Obada awoke at 3 am to find eight masked men surrounding his bed, their rifles pointed at him. “I felt terrified,” the fifteen-year-old said.
Obada is one of around 700 Palestinian children between the ages of 12 and 17 who are arrested and prosecuted each year by Israel. Israel is the only country in the world to automatically prosecute children in military courts. Palestinians live under military occupation, so juvenile offenders are subjected to military detention while their same-age peers living in adjacent Israeli settlements go to civil court where there are significant differences in regard to assumptions of innocence and guilt. Israeli military courts have a 99%-plus conviction rate. Palestinian children appear in courts that lack basic safeguards for a fair trial. The trial is held in a language, Hebrew, that the child might not understand. No translators are provided. 75% of these children experience physical violence during arrest or interrogation. 97% are interrogated without parents or legal counsel present. 91% are held incommunicado for part or all of their interrogation.
When Obada was arrested he was hit with a rifle butt, blindfolded, his hands tied with a plastic cord that cut into his flesh. “The soldiers dragged me out of the house without allowing me to say goodbye to my family and without telling me why and where they were taking me.” Obada said that over the next two weeks he was repeatedly beaten and assaulted with Tasers. For twelve days, he was kept in a small toilet cubicle and taken out only for interrogation, during which he was tied tightly to a chair, slapped, and threatened.
During arrest, 86% of children report being blindfolded; 70% were strip-searched and 84% were not informed of their rights. 28% report being held in stress positions, slapped, kicked, pushed, choked, punched, or having their heads slammed against a wall. From September 2000 to April 2017, 12,000 Palestinian children were detained, 13,000 were injured, and 3,000 were killed.
According to a recent article in Haaretz, and further explored by Al-Jazeera, torturers routinely slap heads “to hurt sensitive organs like the nose, ears, brow and lips.” They also routinely use sleep deprivation and threats against the prisoner’s family during interrogation. “Palestinian children are regularly subjected to coercive and violent interrogation techniques intended to extract confessions,” said Ayed Abu Qtaish, accountability program director for Defence for Children International. “Interrogators use position, abuse, threats and isolation to coerce confessions from children and Israeli military court judges seldom exclude these confessions.” Furthermore, he says, “As Palestinian children continue to experience systemic ill-treatment and denial of due process rights, it becomes evident that military courts have no interest in justice.”

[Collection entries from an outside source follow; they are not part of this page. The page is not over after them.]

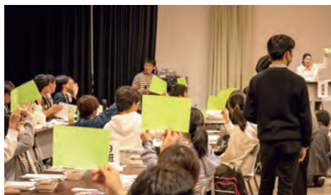
(昨年の総代会の様子です)
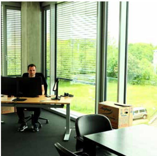
Das Dezernat IV nimmt seine Arbeit am neuen Standort auf.

Für die Umzüge wurde bereits eine feste Reihenfolge abgestimmt, die aus organisatorischen Gründen eingehalten werden muss. Bereits umgezogen ist das Dezernat IV, um die bisherigen Liegenschaften in Waltersdorf freizumachen. Diese sollen anschließend auf den Markt gebracht und vermietet werden. Danach soll das Dezernat III folgen, anschließend das Dezernat II und Ende Juli/Anfang August das Dezernat I. Der Bürgermeisterstab und der Bereich Personal und Recht werden voraussichtlich zuletzt umziehen.
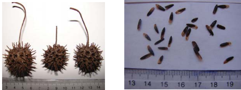
Fig. 3. Infrutescencias y semillas de L. styraciflua .

directamente de la copa del árbol (tomando como referencia los cuatro puntos cardinales) y se cuantificó el número y peso fresco (gramos) de semillas por infrutescencia en una muestra de 50 infrutescencias por árbol. Se comparó la producción de infrutescencias por rama, el número y peso de las semillas por infrutescencia entre especies a través de análisis de varianza de una vía anidados (Zar, 1984). En el modelo, la especie fue el factor fijo y el individuo se anidó dentro de la especie para controlar la posible fuente de variación asociada a este término (Zar, 1984). Las variables de respuesta (número
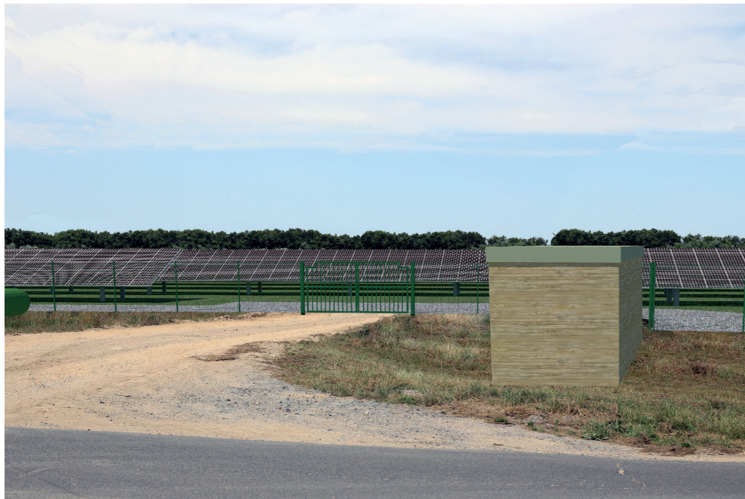
PHOTOMONTAGE 2 - Phase exploitation
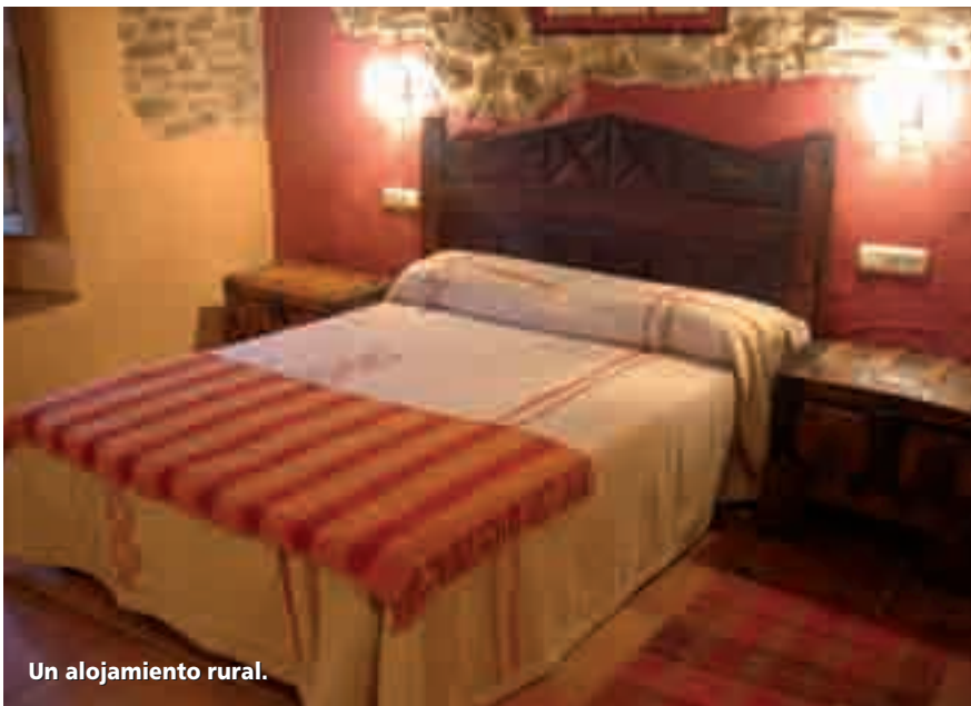
Un alojamiento rural.
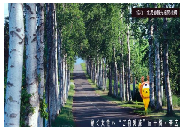
日経BPアドパートナーズ 「ご自愛旅IN十勝・帯広」
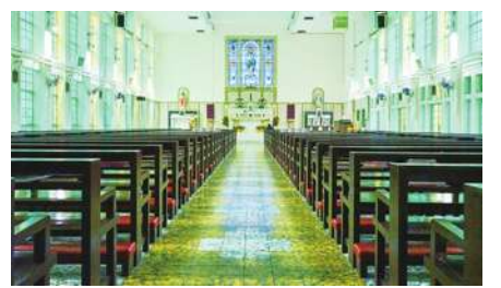
▲ 香港神職人員認為，國安法對於教會服事是一種阻礙。(Photo by Warren R.M. Stuart on Flickr under Creative Commons license)

【本報記者莊瑞萌綜合報導】香港國安條例讓神職人員進退兩難。香港立法局上週火速通過香港基本法23條，禁止叛國、煽動叛亂等行為以及處罰得未通報。對此，天主教會神職人員認為，當中規定得知未通報將會連帶受罰，因此，恐違背信徒告解內容不得透露的信條。
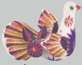
ろうそく立て H0153941 メキシコ メキシコの陶芸の産地メテ ペックで作られた陶器のろ うそく立てです。鳥の背中 の穴にろうそくを立てて、 灯をともします。

9-12月9日開催予定 開館40周年記念企画展 「カナダにおける先住民文化の 過去、現在、未来」(仮)

Palestinian children, following interrogation and without the advice of counsel, often are coerced into signing confessions written in a language that many of them do not understand. A lawyer from the Palestinian Prisoners’ Club reports that 15-year-old Ammar Tawifq Abu-Hilal informed him that at his arrest, “When I told them [the Israeli soldiers] that I am sick and take injections regularly in my hands, they tightened the bonds around my hands. They took me to a watchtower and continued to beat me.” Ammar suffers from pulmonary fibrosis and thrombosis. He needs intravenous injections twice a day. Jihad Eliyan, a 16-year-old, reported to the same lawyer that when he told his arresting soldiers that he had broken toes, they increased their beatings of his legs and feet. “They continued beating me on my legs until my ankle was broken.”
There is resistance to these crimes. The No Way to Treat a Child campaign challenges Israel’s systematic ill treatment of Palestinian children held in Israeli military detention. They demand that Israeli authorities ensure children prisoners’ basic due process rights and stop all torture and mistreatment. In accordance with the UN Convention of the Rights of the Child, they call for no child anywhere to be subjected to physical or psychological violence and for every child to have access to legal counsel and to parents prior to and during interrogation. Children must be informed of their rights. Any evidence made as a result of torture or because the child was not informed of her/his rights, must be excluded in court. Solitary confinement of children must end immediately. NWTTAC is supported by many organizations, including Jewish Voice for Peace, the American Friends Service Committee, Friends of Sabeel North America, and Defence for Children International.
Torturing children is not a Jewish cultural value. It is an obscenity.